Then on Wednesday I witnessed a shambolic performance by the sound guy at the Forest Cafe, presumably determined to ensure that the White Heath EP launch would be dominated by his own World Championship levels of incompetence and indifference, and fuck those arrogant bands and their ridiculous notion that people might actually have turned up to hear them play songs. Someone should point out to him that just because Debutant is only a bloke and a guitar doesn’t mean no-one wants to listen to his music or that a sound guy can necessarily spend the entire gig with his head wedged firmly up his own arse as his sound system totters and staggers around him. Oh, and White Heath have a pianist and a violin player in the band for a reason: because what they are doing is supposed to actually make a contribution to the sound they are trying to make – if they were just there to be like Bez they wouldn’t bother miming away on instruments, would they?

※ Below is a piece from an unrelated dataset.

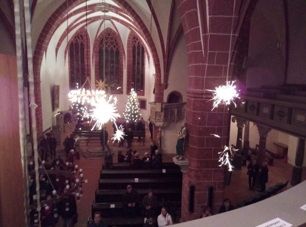 In der Silvesternacht lud er zu einem gut einstündigen Orgelfeuerwerk, inklusive Wunderkerzen-Minifeuerwerk auf der Empore. Um 0.00 Uhr wurde dann noch fröhlich gemeinsam angestoßen.

At least he couldn’t ruin the Meursault solo set. With a voice like Neil’s that would be a challenge for even the most determinedly ham-fisted sound guy, and proved to be beyond even whichever distant relative of Coco the fucking Clown had turned up that night. Mind you, the monumentally pig-ignorant pseudo-hippies who seemed to fill half the place were clearly determined to raise their dreadlock-sporting, oatmeal-knitting, soap-dodging, dismally joyless conversations above any and all bands who thought that they might try and play some tunes, their slightly desperate, vacant faces grimly clinging to the last vestiges of the illusion that their particular hollow brand of bovine conformity represents something even mildly alternative. It doesn’t. You’re just another bunch of sad cunts in need of an identity to submit yourselves to in a pitiful bid to avoid having to face your lack of anything much to contribute to the world. Sorry, welcome to real life, we all have to face it at some point. And no matter how fucking loud you try and talk, Neil is louder than you, which makes me feel good about the universe. And presumably cheered the front half of the audience too, who were brilliant, lest it seem that I am trying to tar everyone with the same brush. I assume there are plenty of good people who both run and use the Forest Cafe; unfortunately there also seem to be some pretty bloody depressing ones as well.

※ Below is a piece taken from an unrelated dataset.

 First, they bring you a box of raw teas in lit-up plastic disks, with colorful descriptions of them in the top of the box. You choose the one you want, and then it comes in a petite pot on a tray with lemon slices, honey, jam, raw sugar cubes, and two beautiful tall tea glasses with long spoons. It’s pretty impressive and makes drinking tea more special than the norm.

Anyhow, the talky hippies and the clod of a sound guy clearly put Neil in a mood, which meant his set was confrontational and fucking brilliant. I am starting to realise that the best way to make Meursault really famous might be to send them on a Hostile Venue Tour of the UK – fuck we’d get some good shows, although we might have to keep the engine running in the Toad Van out the back.

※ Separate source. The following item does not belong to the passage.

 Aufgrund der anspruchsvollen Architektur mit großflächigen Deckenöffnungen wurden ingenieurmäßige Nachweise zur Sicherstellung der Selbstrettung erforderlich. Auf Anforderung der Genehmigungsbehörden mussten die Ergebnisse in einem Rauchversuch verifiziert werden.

Oh, and yesterday was FOUND vs Cybraphon, which was ace. Most of it was a presentation about the genesis of the moody musical wardrobe, followed by it accompanying the band on about four songs. It was a great talk actually, as witty and whimsical as the project itself. And being in an actual art gallery made me feel like a more worthwhile person for a little. Support the arts and all that, jolly important stuff.
Tonight, Shenandoah Davis is playing at Carter’s Bar on Morrisson Street, and I will be going along to sample her live set in advance of recording a Toad Session tomorrow. And on the subject of Toad Sessions, the FOUND one goes up this weekend too, which is why I was up until 5.45 this morning working on it. Which is why I may be just a little more grouchy than is entirely reasonable this morning.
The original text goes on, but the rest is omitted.